Table 2 Characteristics of participants in in-depth interviews and focus group discussion

Emerging themes

The findings presented are based on individual in-depth interviews with 9 health professionals and 15 mothers.

Ad hoc and/ or parallel health education and promotion activities

In general, health promotion activities at public health facilities were integrated into routine health programming. However, the leaders reported that national capacity to plan and implement comprehensive Social and Behaviour Change Communication (SBCC) strategies and general health promotion interventions was low. They expressed concern about the sustainability of international organizations-led health promotion programmes in some target areas, which are emergency-related and the general poor integration of health promotion in routine health programming. A health leader explained:

“After the war] in 2015] the health information process is drawn by the international health organizations which have focused on remote areas and some regions. Health education programs are not planned. Most of the health education programs are now activated only during emergencies, such as the recent epidemic of cholera and diphtheria” (Health Leader 2; Abyan).
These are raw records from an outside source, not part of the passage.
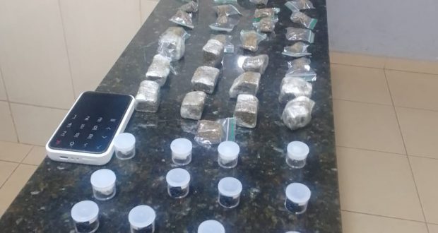 De acordo com informação, os policiais, sargento Parente, cabo Moda e soldado Stivanelo estavam em patrulhamento preventivo, quando abordaram o menor e com ele foram localizados 41 porções de maconha, 56 pinos de cocaína, 11 tubos de Skank e 08 tubos de haxixe. O menor foi encaminhado para a Central de Polícia Judiciária, onde ficou à disposição da família.
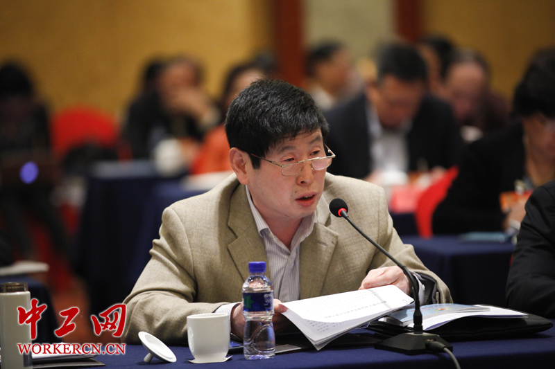3月7日上午,全国政协总工会界别举行联组讨论,全国总工会党组书记、副主席、书记处第一书记李玉赋专程来到会议现场,并与委员们一同参加讨论。图为全国政协委员李海滨发言。中工网记者韩靖摄
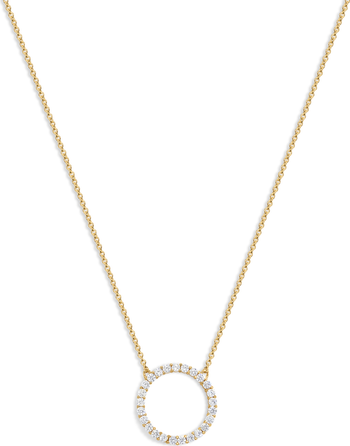 This? Oh, it just elevates everything. The Inner Circle Necklace is a dainty chain, a gold circle, a subtle layer of stones.
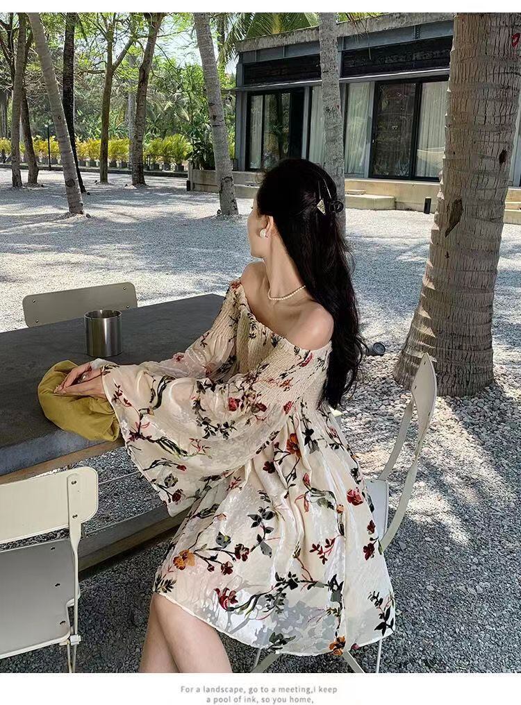 レディース ワンピース ミニスカート ミニ ショート 長袖 ボリューム袖 袖ゆったり オフショルダー Aライン ハイウエスト シャーリング かわいい 大人可愛い きれいめ ガーリー ルーズ ラブリー キュート ふんわり 花柄 フラワー 春 夏 秋 デート お出かけ パーティー イベント コーデ 楽ちん モテ インスタ映え 定番 S M L アイボリー
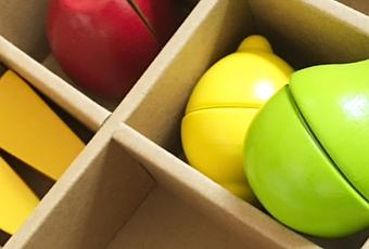 Après pas mal de recherches, j'ai finalement opté pour les fruits à découper de la marque Hape qui a de très belles valeurs et propose des jouets vraiment chouettes. Le concept de ces fruits à découper ? Des fruits colorés que l'on peut séparer (il y a un scratch au milieu) pour découvrir leurs coeurs. Le grand jeu consiste ensuite à les assembler à nouveau pour les ranger dans leur jolie boite. Le jeu est livré avec un adorable petit couteau en bois qui permet plus tard à l'enfant de faire semblant de découper ses fruits.
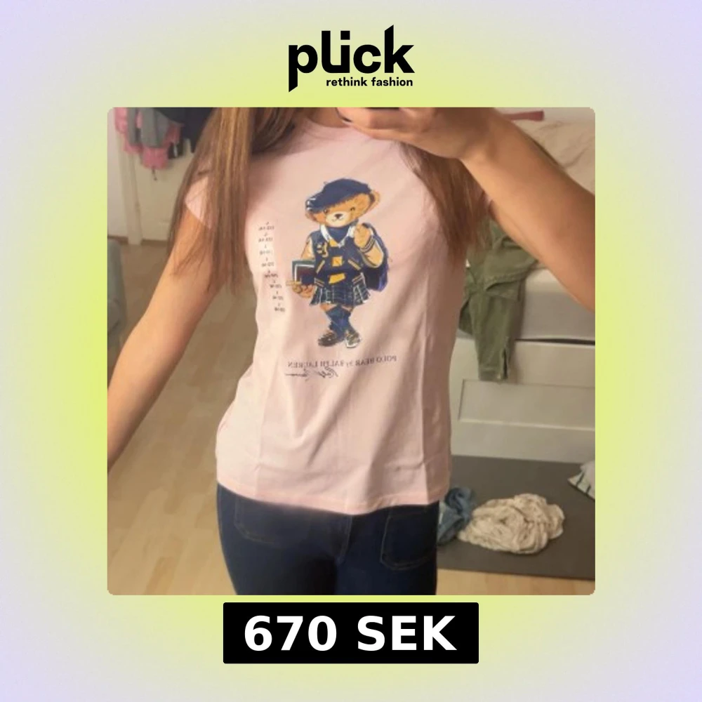 Söt ljusrosa t-shirt från Ralph Lauren med ikoniska Polo Bear-trycket framtill. Klassisk passform och korta ärmar, perfekt till jeans eller kjol. Mjuk bomull som känns skön mot huden. En riktig statement-piece för dig som gillar gulliga och trendiga plagg. Kun brukt noen ganger

Some trained frontline health workers reported that the ongoing war had impacted negatively on delivering health education through mass media approaches. Instead, health education through interpersonal means with clients was now being used occasionally by health volunteers. A Midwife explained as follows:

“Before this civil war, the situation in this hospital ]General hospital/Lahj[ was better. We] midwives[ had given health messages to mothers through TV shows. Now, we sometimes have to collect mothers downstairs ]waiting hall[ to give them health education. This is done randomly by health volunteers” (Midwife 2; Lahj).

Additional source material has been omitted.